The processor models do not access the cache simulator when accessing memory. Instead, the cache simulator hooks into a processor model and analyses memory accesses within each clock cycle. Then, these memory accesses are used as a trace for performing our cache simulation. The implications of this are:
- Ripes does not simulate cache access latency. As such, Ripes does not provide any estimations of actual CPU execution time, but can solely provide insight into factors such as miss, hit and writeback rates.
- Dirty cache lines (when the cache is configured in write-back mode) will still be visible in the memory view. In other words, words are always written through to main memory, even if the cache is configured in write-back mode¹.

The Cache

Cache Configuration

The cache is configurable through the following options:

Ways: Associativity specification. Specified in a power of two (ie. a “two-way set associative cache” will have ways=1 (2^1 = 2 ways) whereas a “direct mapped cache” will have ways=0 (2^0 = 1 way)).
Lines: Number of cache lines. The number of cache lines will define the size of the index used to index within the cache. Specified in a power of two.
Words/Line: Number of words within each cache line. The number of words will define the size of the word index used to select a word within a cache line. Specified in a power of two.
Wr. hit/Wr. miss: Cache write policies. Please refer to this Wikipedia article for further info.
Repl. policy: Cache replacement policies. Please refer to this Wikipedia article for further info.

Furthermore, a variety of presets are made available, and you are able to store your own presets for future reference..

The Cache View

Based on the current cache configuration, a visualization of the current state of the cache is provided.

The cache is drawn as a table wherein rows are defined as:

Cache lines are delimited with solid lines. The indices (index column) represents the index of each cache line.
Cache ways are contained within a cache line. Ways which map within the same cache line are delimited with dashed lines.

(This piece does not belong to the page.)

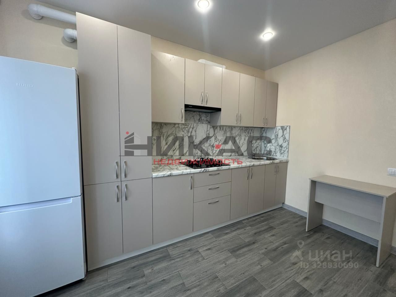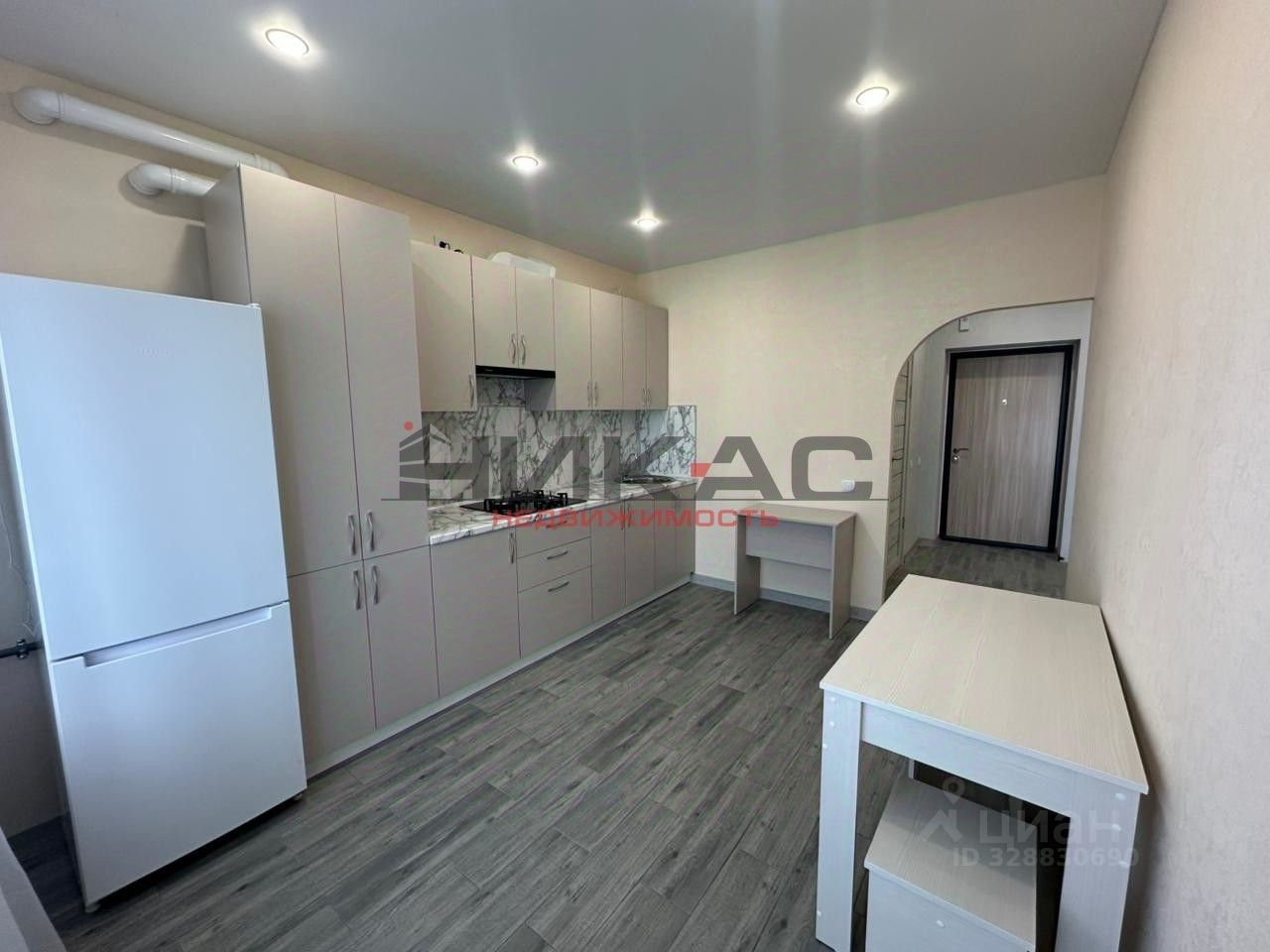 Встроенный кухонный гарнитур, варочная поверхность, вытяжка, холодильник, обеденная группа (стол, стулья).

Commonly, a set-associative cache will be drawn as separate tables for each way. This representation is equivalent with the representation used in Ripes, as follows:

Columns within the cache view are defined as:

V: Valid bit. Whether the cache way contains valid data.
D: Dirty bit. Whether the cache way contains dirty data (the cache way was written to, in write-back mode).
LRU: Visible when ways > 0 and Repl. policy = LRU. A value which was just accessed will have LRU = 0, and a value which is about to be evicted will have an LRU value of LRU = 2^(ways) - 1.
Tag: Current tag of the cached way.
Word #: Cached data.

The cache view may be interacted with as follows:

Hovering over a word will display the physical address of the cached value
Clicking a word will move the memory view to the corresponding physical address of the cached value.
The cache view may be zoomed by performing a ctrl+scroll operation (cmd+scroll on OSX).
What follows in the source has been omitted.